I should make it clear that this was made purely for my own amusement. It does not use WebGL or other accelerated graphics in any way and is slow and should not be used for anything other than your own amusement.
The Basic Objects
Mesh
A mesh contains an index buffer and a vertex buffer for the object to be rendered. Each vertex in the vertex buffer has a position, a normal, and a texture uv coordinate.
Color Buffer
The color buffer is equivalent to the back buffer in openGL or Direct3D; it is where the content to be displayed is drawn. It is an array sized to the pixel count for the canvas which can be passed to the canvas for display. The renderer will write the output of the pixel shader to this buffer which will then be passed to the canvas.
Depth Buffer
The depth buffer functions in a similar manner to openGL or Direct3D. it is used to track the depth of a point in a mesh face that has previously been drawn to a pixel in the color buffer. If the renderer finds a face which is to be drawn to a pixel that has previously been set it will check the depth buffer to see if the new pixel should be drawn infront or behind. If it would be behind it will be ignored.
Shader
A shader class covers an approximation of the functionality of vertex and pixel shader functions. It also includes an interpolation method which will perform the barycentic interpolation of the vertex shader output which would be done intrinsically by the rasterisation stage in Direct3D or openGL.
class Shader {
interpolate(i1, i2, i3, bar) { }
vertex(input) { }
pixel(input) { }
}
Performing the Rasterisation
The rasteriser will be given the mesh it is to render and the shader it is to use.

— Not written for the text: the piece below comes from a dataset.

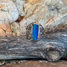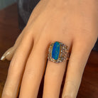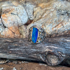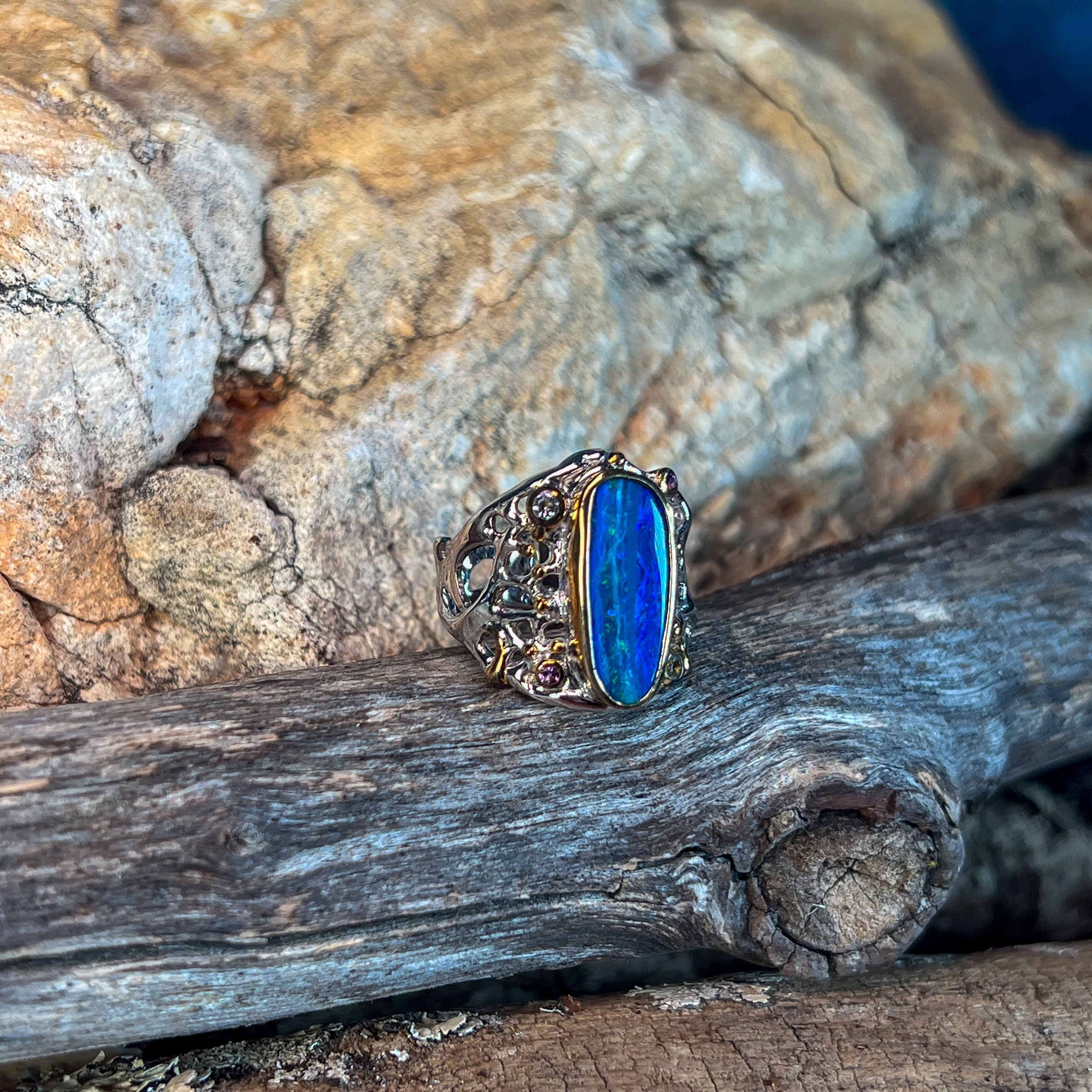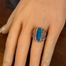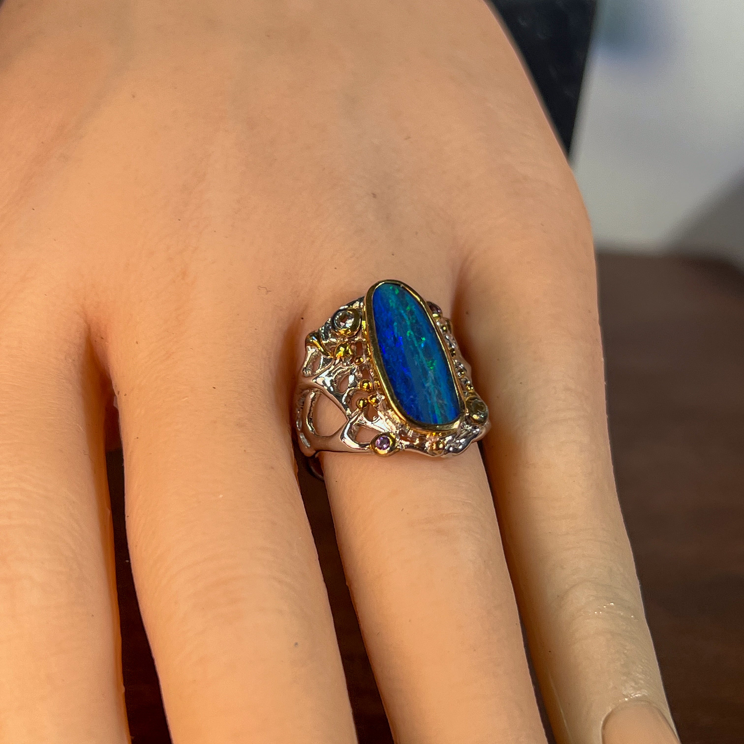 Sterling Silver broad Opal doublet Blue Green reef design ring

At the start of rendering each frame the color and depth buffers are cleared and a view-model-projection matrix is created and passed to the shader. The vertex shader function is run on all of the vertices in the mesh.

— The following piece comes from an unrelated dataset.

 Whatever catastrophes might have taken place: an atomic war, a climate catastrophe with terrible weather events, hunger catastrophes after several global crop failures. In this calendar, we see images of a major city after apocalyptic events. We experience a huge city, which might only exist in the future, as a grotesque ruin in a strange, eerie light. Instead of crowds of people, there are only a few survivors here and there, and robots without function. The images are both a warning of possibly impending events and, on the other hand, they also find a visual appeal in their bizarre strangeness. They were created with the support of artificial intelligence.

The render iterates through the index buffer taking three indicies at a time and getting the three vertices at those indices from the vertex buffer to form a face in the mesh.
The winding order of the face is checked to see if, depending on the set cull mode, if it can be culled and save the time attempting to draw it.
If the face is to be drawn the bounding box for the position on the face in screen space is calculated. All of the pixels in that box are then iterated through. If that pixel contains part of the face then the depth of that point is compared to the depth buffer to make sure that no pixel to appear infront has already been drawn. The vertex shader output for the face vertices are passed to the interpolation method of the shader and interpolated for the pixel being drawn. The interpolated values are then passed to the pixel shader function and the output color is set on the color buffer.
When all of the pixels for all of the faces have been drawn to the color buffer, the buffer is drawn to the canvas and displayed.